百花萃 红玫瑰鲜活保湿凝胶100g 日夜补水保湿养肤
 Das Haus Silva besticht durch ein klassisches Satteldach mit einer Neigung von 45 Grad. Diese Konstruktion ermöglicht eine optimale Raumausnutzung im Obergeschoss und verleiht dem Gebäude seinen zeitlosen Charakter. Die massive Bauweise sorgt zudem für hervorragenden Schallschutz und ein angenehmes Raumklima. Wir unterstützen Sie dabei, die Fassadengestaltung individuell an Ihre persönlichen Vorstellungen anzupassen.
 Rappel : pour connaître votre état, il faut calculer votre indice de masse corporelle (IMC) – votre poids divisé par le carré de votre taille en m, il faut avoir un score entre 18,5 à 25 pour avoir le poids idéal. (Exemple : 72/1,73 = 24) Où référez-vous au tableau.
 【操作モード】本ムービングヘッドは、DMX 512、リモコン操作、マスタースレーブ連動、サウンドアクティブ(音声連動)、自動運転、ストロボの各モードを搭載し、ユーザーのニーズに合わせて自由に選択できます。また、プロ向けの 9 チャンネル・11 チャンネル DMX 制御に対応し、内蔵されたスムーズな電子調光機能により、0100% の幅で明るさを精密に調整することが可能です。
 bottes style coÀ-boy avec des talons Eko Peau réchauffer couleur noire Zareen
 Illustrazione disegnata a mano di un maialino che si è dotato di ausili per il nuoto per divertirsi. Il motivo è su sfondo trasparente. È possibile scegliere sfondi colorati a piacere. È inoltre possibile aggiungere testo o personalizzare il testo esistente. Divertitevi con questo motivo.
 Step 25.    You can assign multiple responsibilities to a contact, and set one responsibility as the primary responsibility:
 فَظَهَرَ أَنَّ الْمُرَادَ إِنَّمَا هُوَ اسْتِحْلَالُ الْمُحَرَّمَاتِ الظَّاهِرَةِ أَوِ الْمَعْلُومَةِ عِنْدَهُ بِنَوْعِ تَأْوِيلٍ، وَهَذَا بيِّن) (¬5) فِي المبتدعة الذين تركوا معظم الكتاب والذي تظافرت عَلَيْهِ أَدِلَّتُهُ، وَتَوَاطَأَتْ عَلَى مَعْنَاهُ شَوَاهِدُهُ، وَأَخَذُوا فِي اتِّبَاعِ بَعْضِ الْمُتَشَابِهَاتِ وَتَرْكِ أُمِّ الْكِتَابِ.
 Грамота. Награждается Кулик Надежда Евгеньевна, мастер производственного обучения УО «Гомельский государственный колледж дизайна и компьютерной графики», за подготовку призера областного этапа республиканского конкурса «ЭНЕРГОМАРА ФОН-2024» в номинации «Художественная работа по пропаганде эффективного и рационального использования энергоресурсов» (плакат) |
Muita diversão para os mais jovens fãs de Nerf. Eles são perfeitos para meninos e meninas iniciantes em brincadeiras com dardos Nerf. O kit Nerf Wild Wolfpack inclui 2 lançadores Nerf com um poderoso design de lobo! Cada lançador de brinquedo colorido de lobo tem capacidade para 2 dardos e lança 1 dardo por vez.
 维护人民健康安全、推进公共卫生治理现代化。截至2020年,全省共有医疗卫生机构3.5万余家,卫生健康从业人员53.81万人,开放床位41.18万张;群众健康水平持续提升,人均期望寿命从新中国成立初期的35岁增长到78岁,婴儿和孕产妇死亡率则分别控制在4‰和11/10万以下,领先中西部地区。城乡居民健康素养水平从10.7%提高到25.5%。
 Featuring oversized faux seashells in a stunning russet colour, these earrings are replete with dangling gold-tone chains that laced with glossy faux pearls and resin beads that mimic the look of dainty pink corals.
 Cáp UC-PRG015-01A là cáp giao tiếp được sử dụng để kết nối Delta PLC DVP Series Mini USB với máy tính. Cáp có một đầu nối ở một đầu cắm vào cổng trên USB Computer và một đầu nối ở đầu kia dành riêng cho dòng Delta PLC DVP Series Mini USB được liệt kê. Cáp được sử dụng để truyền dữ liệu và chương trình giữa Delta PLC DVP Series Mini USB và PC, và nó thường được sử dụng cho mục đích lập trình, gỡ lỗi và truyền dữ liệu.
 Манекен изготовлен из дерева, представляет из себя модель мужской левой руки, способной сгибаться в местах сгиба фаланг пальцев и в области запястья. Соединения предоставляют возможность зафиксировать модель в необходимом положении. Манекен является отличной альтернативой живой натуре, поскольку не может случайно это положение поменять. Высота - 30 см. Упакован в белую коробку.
━━━━
=== Instructions for the task ===
A complete, exact copy of the entries is required.

=== Solution to this problem ===
百花萃 红玫瑰鲜活保湿凝胶100g 日夜补水保湿养肤
 Das Haus Silva besticht durch ein klassisches Satteldach mit einer Neigung von 45 Grad. Diese Konstruktion ermöglicht eine optimale Raumausnutzung im Obergeschoss und verleiht dem Gebäude seinen zeitlosen Charakter. Die massive Bauweise sorgt zudem für hervorragenden Schallschutz und ein angenehmes Raumklima. Wir unterstützen Sie dabei, die Fassadengestaltung individuell an Ihre persönlichen Vorstellungen anzupassen.
 Rappel : pour connaître votre état, il faut calculer votre indice de masse corporelle (IMC) – votre poids divisé par le carré de votre taille en m, il faut avoir un score entre 18,5 à 25 pour avoir le poids idéal. (Exemple : 72/1,73 = 24) Où référez-vous au tableau.
 【操作モード】本ムービングヘッドは、DMX 512、リモコン操作、マスタースレーブ連動、サウンドアクティブ(音声連動)、自動運転、ストロボの各モードを搭載し、ユーザーのニーズに合わせて自由に選択できます。また、プロ向けの 9 チャンネル・11 チャンネル DMX 制御に対応し、内蔵されたスムーズな電子調光機能により、0100% の幅で明るさを精密に調整することが可能です。
 bottes style coÀ-boy avec des talons Eko Peau réchauffer couleur noire Zareen
 Illustrazione disegnata a mano di un maialino che si è dotato di ausili per il nuoto per divertirsi. Il motivo è su sfondo trasparente. È possibile scegliere sfondi colorati a piacere. È inoltre possibile aggiungere testo o personalizzare il testo esistente. Divertitevi con questo motivo.
 Step 25.    You can assign multiple responsibilities to a contact, and set one responsibility as the primary responsibility:
 فَظَهَرَ أَنَّ الْمُرَادَ إِنَّمَا هُوَ اسْتِحْلَالُ الْمُحَرَّمَاتِ الظَّاهِرَةِ أَوِ الْمَعْلُومَةِ عِنْدَهُ بِنَوْعِ تَأْوِيلٍ، وَهَذَا بيِّن) (¬5) فِي المبتدعة الذين تركوا معظم الكتاب والذي تظافرت عَلَيْهِ أَدِلَّتُهُ، وَتَوَاطَأَتْ عَلَى مَعْنَاهُ شَوَاهِدُهُ، وَأَخَذُوا فِي اتِّبَاعِ بَعْضِ الْمُتَشَابِهَاتِ وَتَرْكِ أُمِّ الْكِتَابِ.
 Грамота. Награждается Кулик Надежда Евгеньевна, мастер производственного обучения УО «Гомельский государственный колледж дизайна и компьютерной графики», за подготовку призера областного этапа республиканского конкурса «ЭНЕРГОМАРА ФОН-2024» в номинации «Художественная работа по пропаганде эффективного и рационального использования энергоресурсов» (плакат) |
Muita diversão para os mais jovens fãs de Nerf. Eles são perfeitos para meninos e meninas iniciantes em brincadeiras com dardos Nerf. O kit Nerf Wild Wolfpack inclui 2 lançadores Nerf com um poderoso design de lobo! Cada lançador de brinquedo colorido de lobo tem capacidade para 2 dardos e lança 1 dardo por vez.
 维护人民健康安全、推进公共卫生治理现代化。截至2020年,全省共有医疗卫生机构3.5万余家,卫生健康从业人员53.81万人,开放床位41.18万张;群众健康水平持续提升,人均期望寿命从新中国成立初期的35岁增长到78岁,婴儿和孕产妇死亡率则分别控制在4‰和11/10万以下,领先中西部地区。城乡居民健康素养水平从10.7%提高到25.5%。
 Featuring oversized faux seashells in a stunning russet colour, these earrings are replete with dangling gold-tone chains that laced with glossy faux pearls and resin beads that mimic the look of dainty pink corals.
 Cáp UC-PRG015-01A là cáp giao tiếp được sử dụng để kết nối Delta PLC DVP Series Mini USB với máy tính. Cáp có một đầu nối ở một đầu cắm vào cổng trên USB Computer và một đầu nối ở đầu kia dành riêng cho dòng Delta PLC DVP Series Mini USB được liệt kê. Cáp được sử dụng để truyền dữ liệu và chương trình giữa Delta PLC DVP Series Mini USB và PC, và nó thường được sử dụng cho mục đích lập trình, gỡ lỗi và truyền dữ liệu.
 Манекен изготовлен из дерева, представляет из себя модель мужской левой руки, способной сгибаться в местах сгиба фаланг пальцев и в области запястья. Соединения предоставляют возможность зафиксировать модель в необходимом положении. Манекен является отличной альтернативой живой натуре, поскольку не может случайно это положение поменять. Высота - 30 см. Упакован в белую коробку.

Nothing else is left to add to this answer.